Amna Mahmood  ( Department of Biochemistry, Islamic International Medical College, Riphah University, Rawalpindi, Pakistan. )
Amena Rahim  ( Department of Biochemistry, Islamic International Medical College, Rawalpindi. )
Muhammad Afzal  ( Islamic International Medical College, Rawalpindi, Pakistan )
Muhammad Imran Bajwa  ( Department of Biochemistry, Islamic International Medical College, Riphah University, Rawalpindi, Pakistan. )
Yawar Zaman  ( Punjab Employees Social Security Hospital, Islamabad, Pakistan. )
Hira Waqas Cheema  ( Department of Anatomy, Islamic International Medical College, Riphah University, Rawalpindi, Pakistan. )
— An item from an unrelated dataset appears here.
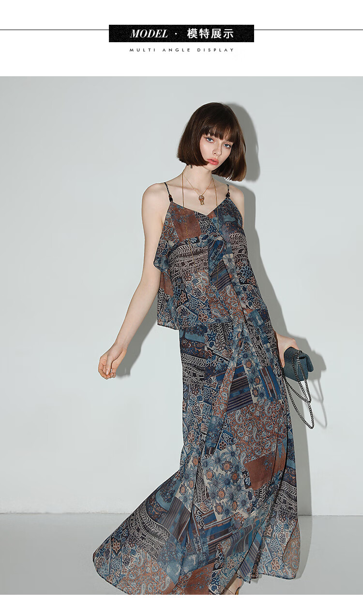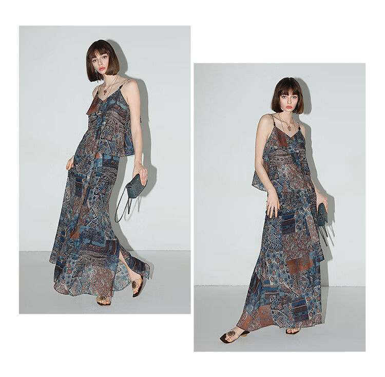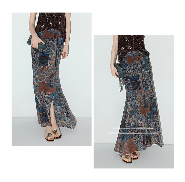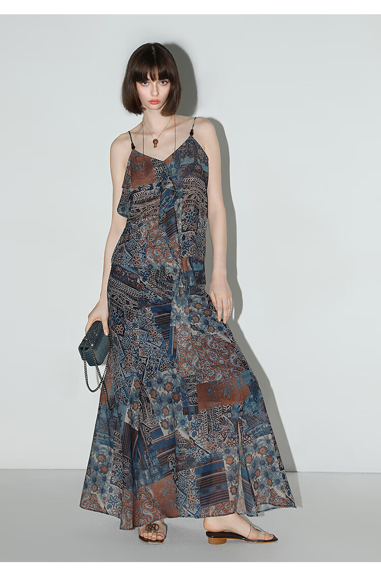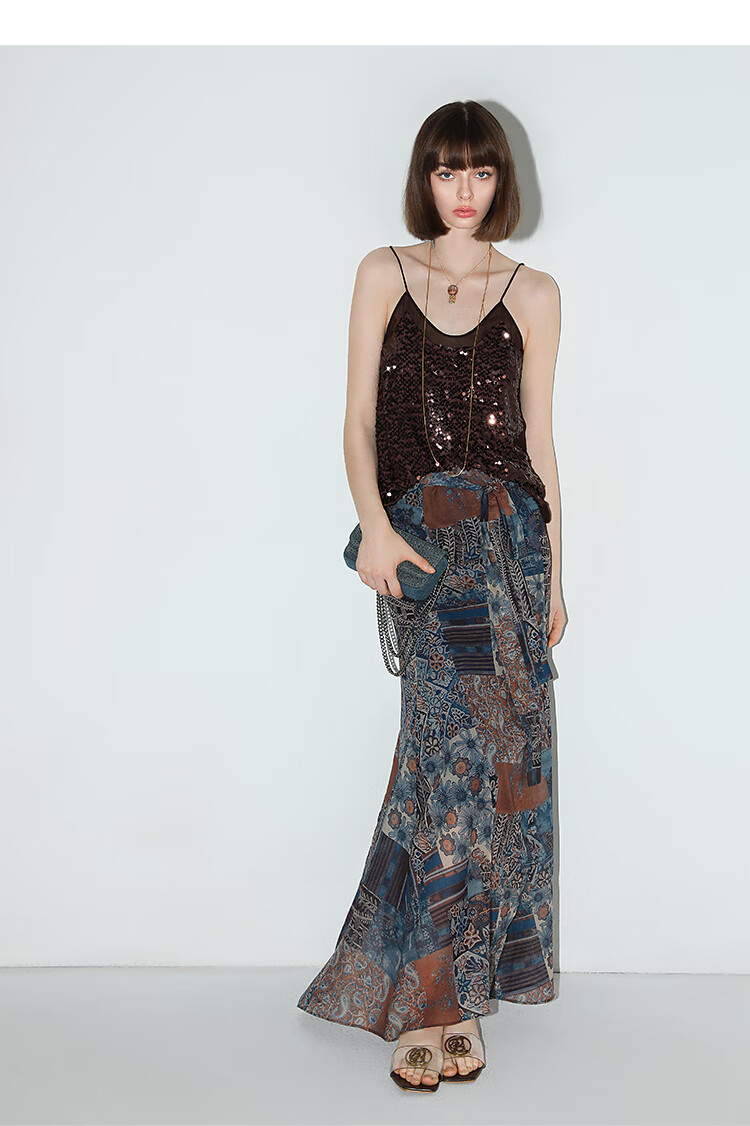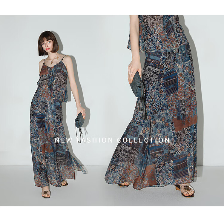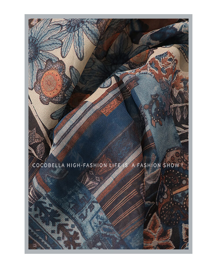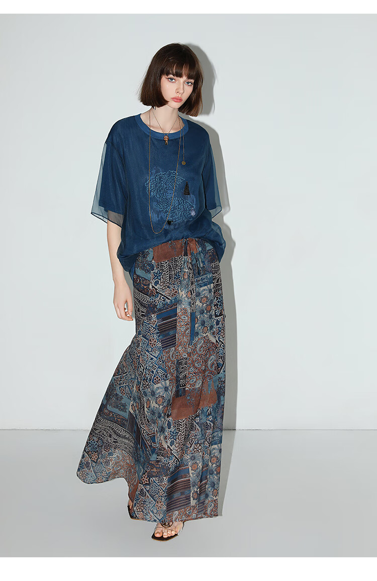 COCOBELLA民族风印花轻盈绒雪纺半身裙度假风飘逸长裙HS0045

Objective: To find the association between interleukin-1 receptor-associated kinase 1 rs3027898 gene polymorphism and preeclampsia.

Methods: The case-control study was conducted from October, 2018 to September, 2019 at the Railway General Hospital and the Department of Biochemistry, Islamic International Medical College, Rawalpindi, Pakistan, and comprised patients diagnosed with preeclampsia and healthy controls. The interleukin receptor-associated kinase-1 polymorphism was determined using multiplex tetra primer amplification refractory mutation system polymerase chain reaction. Outcomes were determined in terms of association of interleukin receptor-associated kinase-1 with preeclampsia. Data was analysed using SPSS 22.

Results: Of the 160 subjects, 80(50% were cases with a mean age of 30±5.3 years and 80(50%) were controls with a mean age of 27±3.7 years. AC genotype was seen in 45(56.25%) cases and 30(37.5%)  controls, AA genotype in 25(31.25%) cases and 30(37.5%) controls, while CC genotype was seen in 10(12.5%) cases and 20(25%) controls (p>0.05).

Conclusion: There was no significant association of interleukin receptor-associated kinase-1 genotypes with preeclampsia.

Keywords: Preeclampsia, Interleukin receptor-associated kinase-1, Gene polymorphisms. (JPMA 71: 1332; 2021)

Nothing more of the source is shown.